History

Great Britain
- Name: HMS Nancy
- Acquired: c.May 1794 by purchase
- Fate: Sold December 1801

General characteristics
- Type: Fire ship
- Tons burthen: 72 12⁄94 (bm)
- Length: 55 ft 6+1⁄2 in (16.929 m) (overall); 43 ft 0+1⁄2 in (13.1 m) (keel);
- Beam: 17 ft 9 in (5.41 m)
- Depth of hold: 10 ft 1+1⁄2 in (3.086 m)
- Propulsion: Sails
- Complement: 10
- Armament: Unarmed

= HMS Nancy (1794) =

HMS Nancy was the mercantile vessel Nancy that the Royal Navy purchased in 1794 for use as a fire ship. She was never expended as a fireship but instead served as a small gunboat. The Navy sold her at Deptford in 1801.

Nancy underwent fitting out at Woolwich between May and 9 August 1794. The Navy commissioned her in June 1794 under Mr. Jeremy Brown. A formal listing of the vessels under the command of Captain Sidney Smith lists her, together with five similar fire ships. In September 1795 Nancy was at the Îles Saint-Marcouf, which the Royal Navy had occupied in July 1795, possibly at the same time as the British forces there repelled a French attack.

On 10 March 1796 a court martial convened on , then at Portsmouth, to try Mr. Mark Moore, commander of Nancy, for embezzlement. The court found him guilty and ordered him dismissed the service, never to serve again in His Majesty's naval service.

Nancy was recommissioned in March 1800 under Lieutenant William Fitzwilliam Owen, for the Downs. An account of the "State of the Navy" described her as a fire vessel, with no guns, and under the command of "Owen".

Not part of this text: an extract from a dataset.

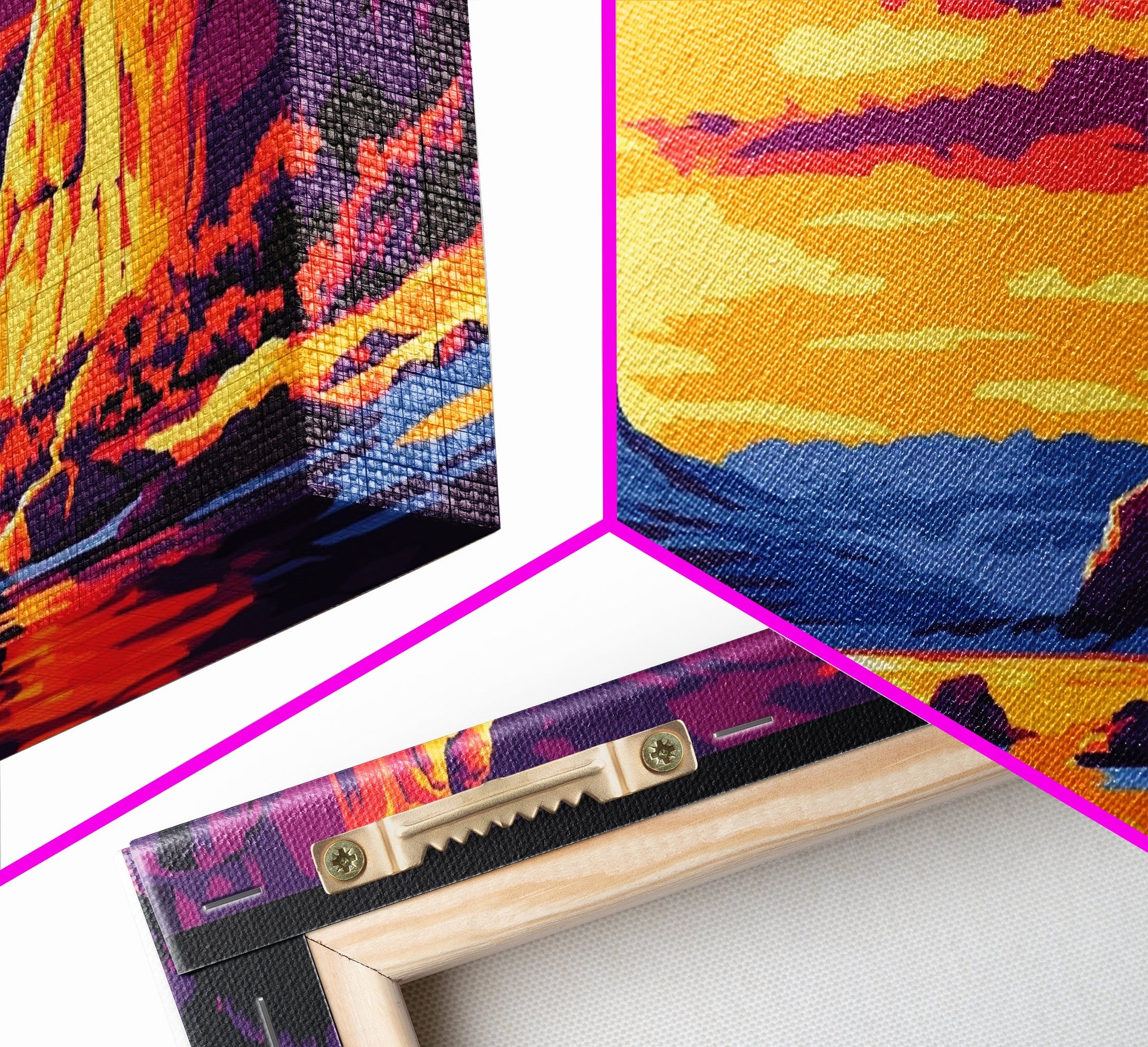 Hello and thank you for taking the time to view our modern high quality giclée artwork! We offer both posters and stretched canvas prints. Our posters are printed on Ultra Matte 60 lb / 230 GSM high quality photo paper, with a thickness of 10 mil. Our canvases are printed on museum grade 350 GSM canvas material with ECO friendly archival grade ink, then hand stretched and stapled over premium, FSC certified and shrink resistant frames. Designed and built to last a lifetime.

In late 1801 the hired armed cutter King George, under the command of a Mr. Yawkins (William Yawkins), served under Nelson at his failed attack on Boulogne. On 25 August Nelson came aboard King George to conduct a reconnaissance of the French fleet. In October Nelson gave Owen command over King George as well, with secret instructions to launch a burning Nancy at the French fleet. The fire attack did not occur and Nancy was sold in December.